It sounds wrong or tacky or affected to my ears. But has been in use for 400 years so I suppose I’m behind the times.

https://www.merriam-webster.com/grammar/gift-as-a-verb

CTyankee

(63,912 posts)
7. Yes, it is a bit affected. In terms of art donations, I think it elevates the donation a bit and sounds appropriately
Sun Mar 17, 2024, 01:02 PM
Mar 17

"classy" and graceful.

fierywoman

(7,686 posts)
5. That's what I love about English -- we can use nouns as verbs if we want to.
Sun Mar 17, 2024, 12:59 PM
Mar 17

I did something similar in Italian, in Italy, when speaking to a very progressive Italian friend -- he got very upset, barely able to spit out the words, "You can't do that!" In English we have the word, the concept of, "freedom." In Italian they only have "liberty." Enjoy your freedom to use gift as a verb -- or feel free not to.

Ocelot II

(115,735 posts)
26. While we're at it, "could care less" suggests that you do care,
Sun Mar 17, 2024, 09:14 PM
Mar 17

because you're saying that you might possibly (could) care less than you do.

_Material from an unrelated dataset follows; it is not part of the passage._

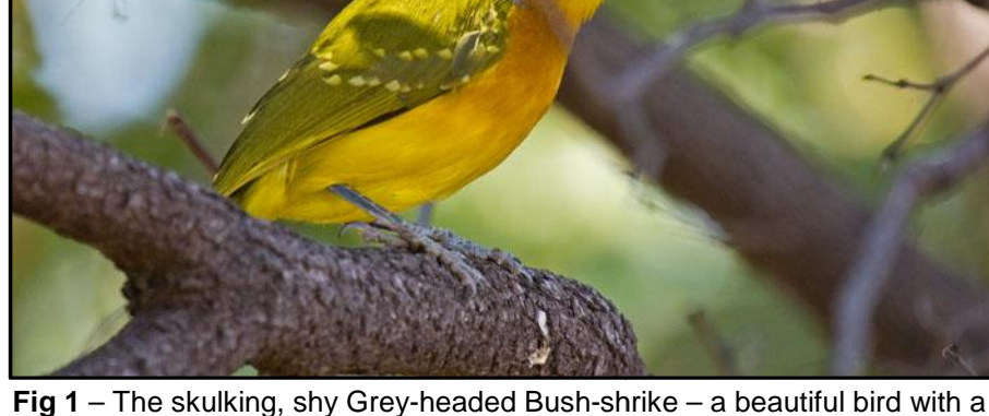
Fig 1 – The skulking, shy Grey-headed Bush-shrike – a beautiful bird with a distinctive call.

In the first Southern African Bird Atlas Project (SABAP1) I recorded this species in the Roodepoort Atlas Square 2627BB very infrequently as it moved through the area as a seasonal migrant. It remained in the area for very brief periods. The SABAP1 distribution map suggests a very low recording rate for the southern part of the Highveld, which represented the southern border of its range in what was known as the Transvaal province. The distribution range is indicated in the map in Figure 2.

Isn't the correct expression "couldn't care less," meaning you are at the rock bottom of caring so it is not possible for you to care any less?

hlthe2b

(102,294 posts)
10. I have had to get used to a lot of jarring "acceptable changes" to grammar, spelling, pronunciation
Sun Mar 17, 2024, 01:22 PM
Mar 17

and newly created "words" in recent decades. Some doreally rankle me (as when Merriam Webster gave in to the Bushies* and included "NU-KU-Lar" as an alternative pronunciation for nuclear--just because GWB* and several others could not pronounce it.

So, I guess it gets filed under "pick your battles."

But in answer, "gifting" as a verb is not (for me) the most irritating noun newly accepted as a verb. Every few years another generation comes up with more examples and it falls to the rest of us to accept them--whether we want to or not. English is ever-changing. I am told the only language more rapidly changing is Japanese (I have a friend whose knowledge of her birth language stopped at age 5. Now she incites much laughter with her attempts to speak)

hlthe2b

(102,294 posts)
57. I am well aware.. But Merriam Webster only bowed to public pressure after GWB* was mocked widely...
Mon Apr 15, 2024, 04:26 PM
Apr 15

bowing to RW pressure...

unblock

(52,253 posts)
11. Baffled what the objection is
Sun Mar 17, 2024, 01:22 PM
Mar 17

"Gift" is unambiguously charity.

"Give" is not. It *can* refer to a gift, but it could imply an expectation (at least) of something in return.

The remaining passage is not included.